Dès 1958, ce furent les inoubliables « Analyses spectrales de l’Occident » qui m’ont permis de terminer ma rhéto avec un savoir que mes condisciples ignoraient. Les jours de couche-tard, il m’arrivait de savourer et même d’enregistrer, sur un enregistreur à bandes comme il n’en existe plus, les « Ateliers de création radiophonique ». Là c’était de l’avant-garde, de la recherche sonore sur des sujets complexes.

Je dois aussi à la radio d’avoir été initié au jazz par les émissions de Sim Copans, André Francis sur les stations françaises ou de Frank Ténot et Daniel Filipacchi sur Europe 1. Sans oublier les compositeurs contemporains sur France Musique ou Musique 3. Adjoignons leur la chanson par Jean-Louis Foulquier et d’autres, tel Edmond Lefèvre sur Radio Hainaut.  Ainsi j’ai entendu Brel pour la première fois, une nuit, c’était « Sur la place », et Souchon « J’ai dix ans».

Il ne faut pas oublier aussi combien la radio a pu influencer l’évolution des citoyens. Ceux qui connurent Ménie Grégoire se souviendront de ce qu’elle a fait pour abattre les tabous sexuels, les relégations des femmes par les machistes. Comme ils se souviendront aussi de Françoise Dolto et ses analyses psychologiques, sa pédagogie de l’éducation des enfants. Un homme comme Frédéric Pottecher, chroniqueur judiciaire, amenait à voir les grands procès et la justice autrement. Michel Lancelot sur Europe 1 au temps de mai 68 et la suite donnait de l’actualité une vision jeune et libre avec « Campus ».

Mon approche initiale de la littérature fantastique, notamment de Jean Ray, est due à Jean Le Paillot qui, outre de réaliser Radio Jeunesse, produisait des dramatiques à Bruxelles. Il m’arrivait de me lever de mon lit le soir et d’aller coller mon oreille à la porte de la cuisine où ma mère écoutait ces mises en ondes. J’en ai conservé certaines terreurs : un cri de prisonnier torturé, une histoire terrible qui s’intitulait probablement « Les yeux verts » et narrait la prolifération d’individus porteurs de cette couleur oculaire et dont la caractéristique était qu’ils ne pouvaient s’empêcher de dire la vérité, d’où une pagaille incroyable dans les relations humaines.

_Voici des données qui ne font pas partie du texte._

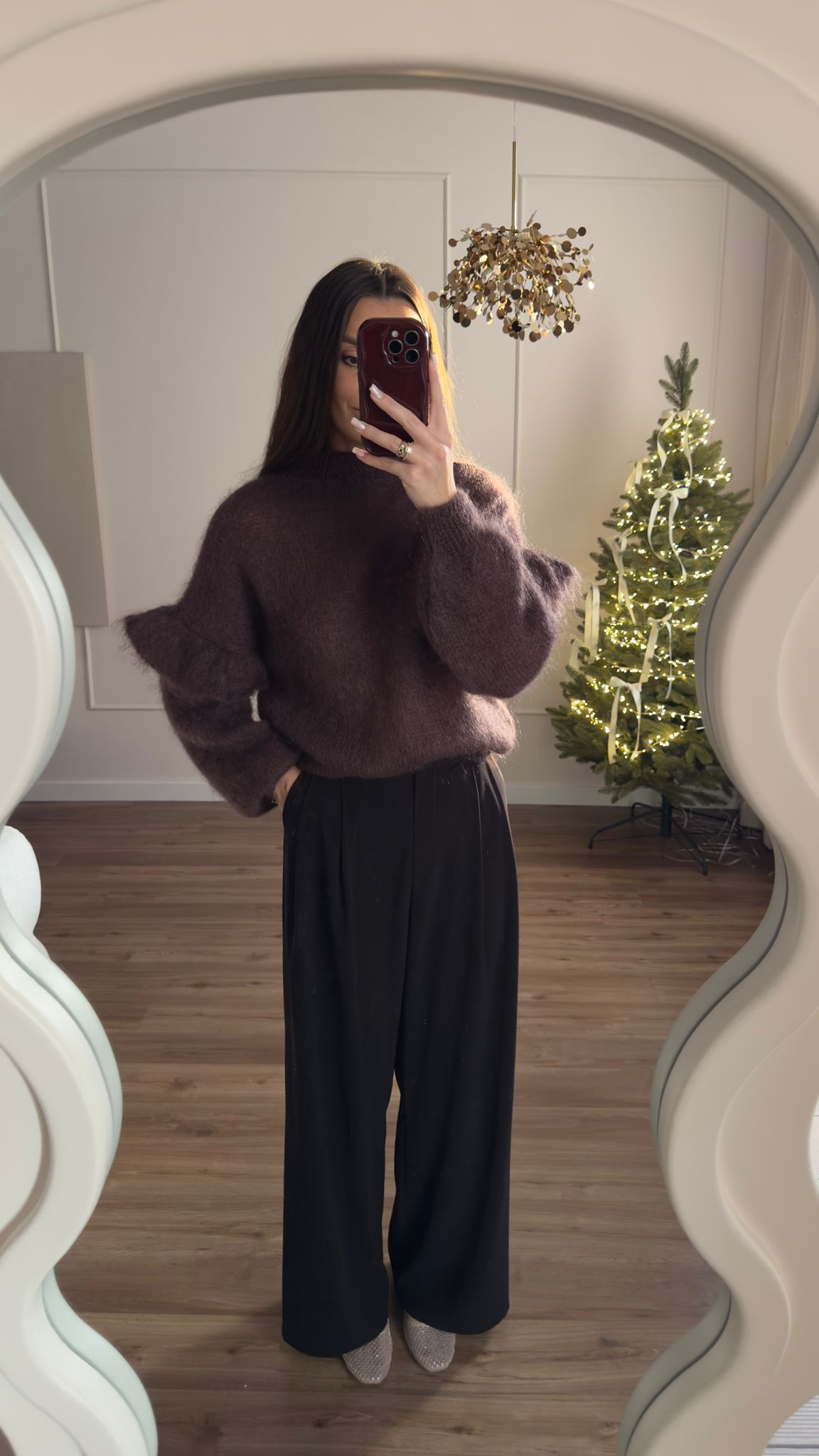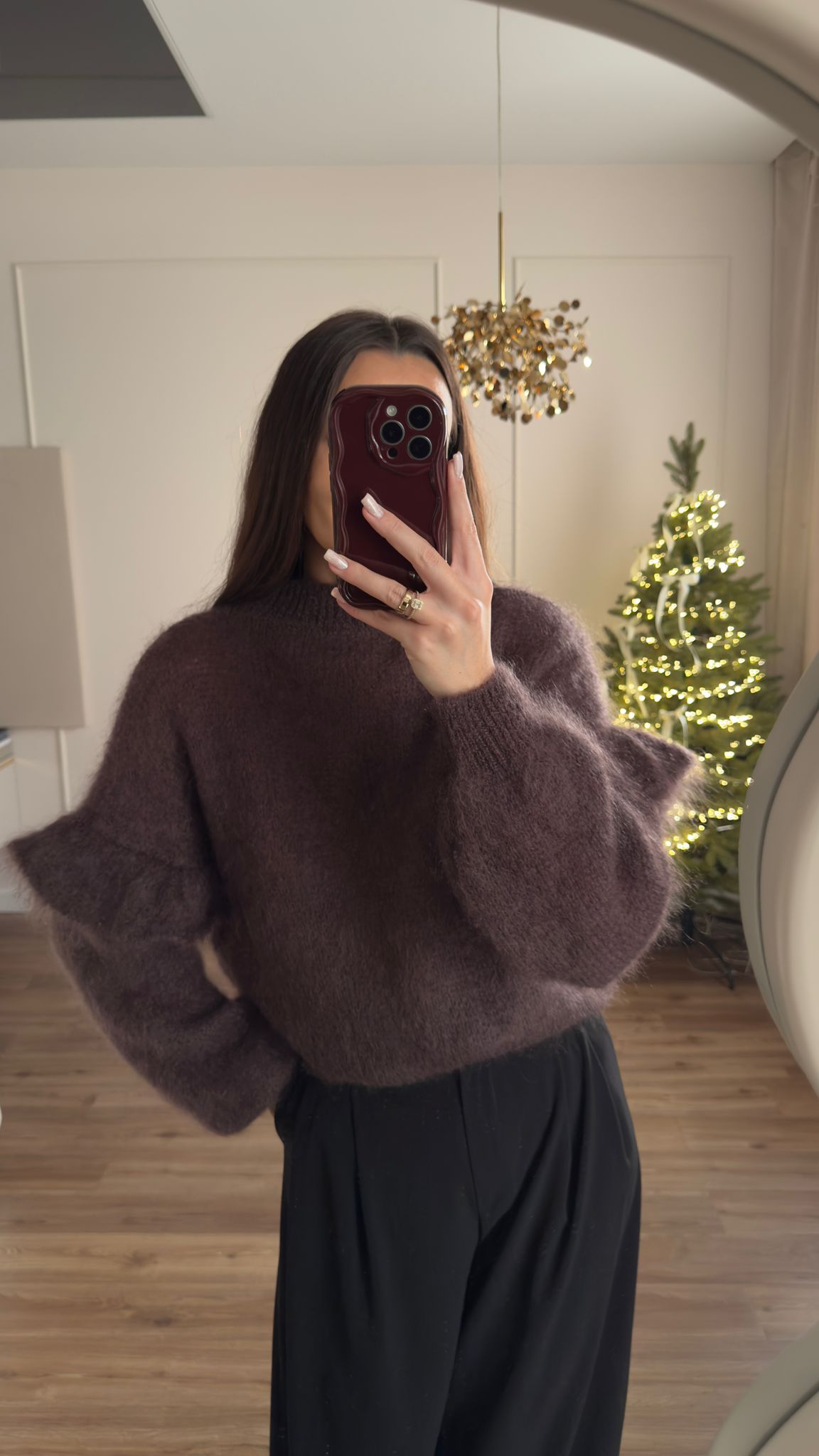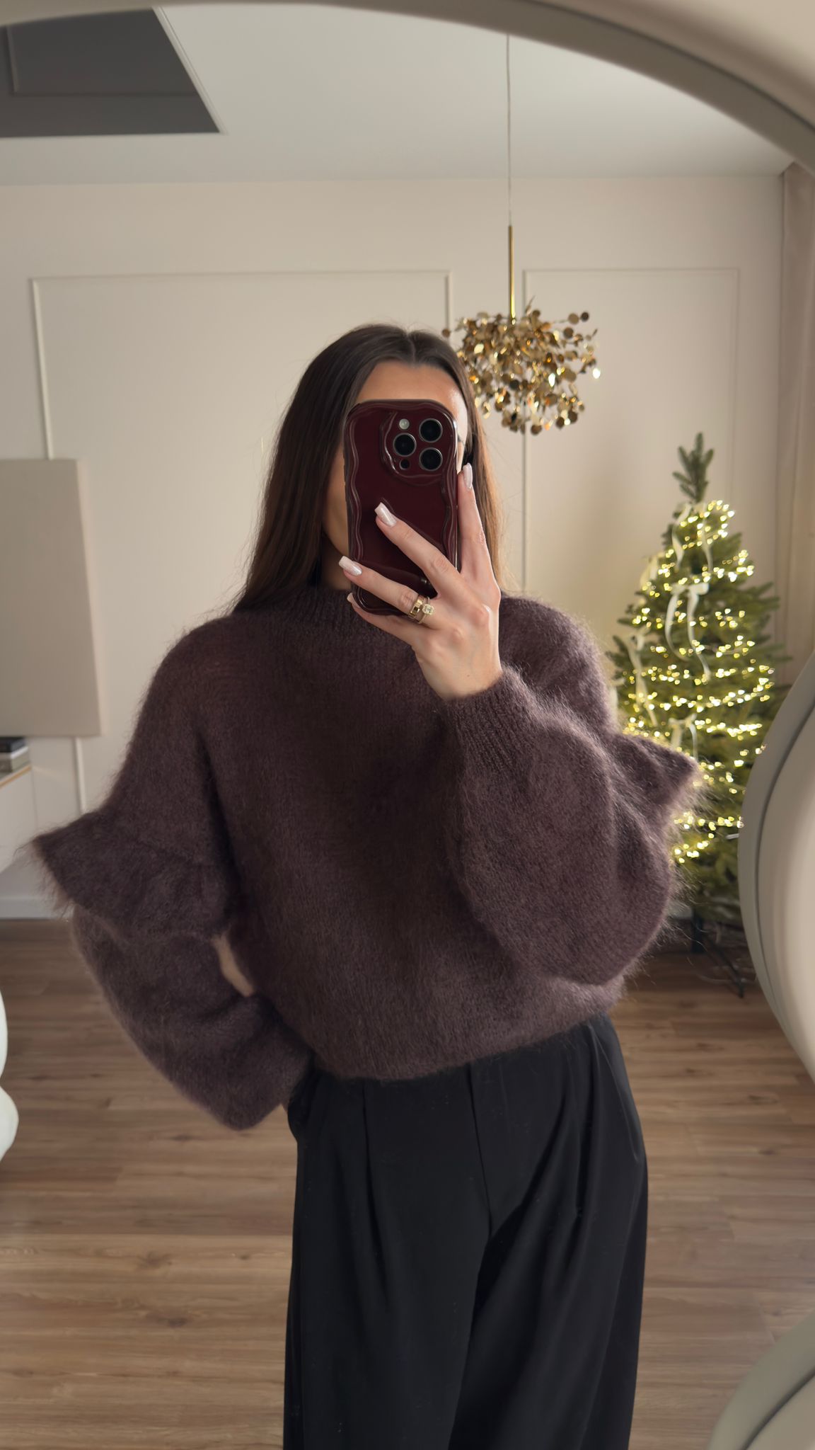 Sweter Kid Mohair. Klasyczny dekolt. Krój oversize. Lekko obniżona linia ramion z falbankami.

Il faudrait ajouter les découvertes littéraires d’Annie Rak, la voix chantante du caustique Armand Bachelier, correspondant à Paris de la RTB dont l’humour est resté légendaire. Et bien d’autres encore qui étaient présents en nous, en des temps où la télé n’avait pas encore complètement colonisé le temps des loisirs.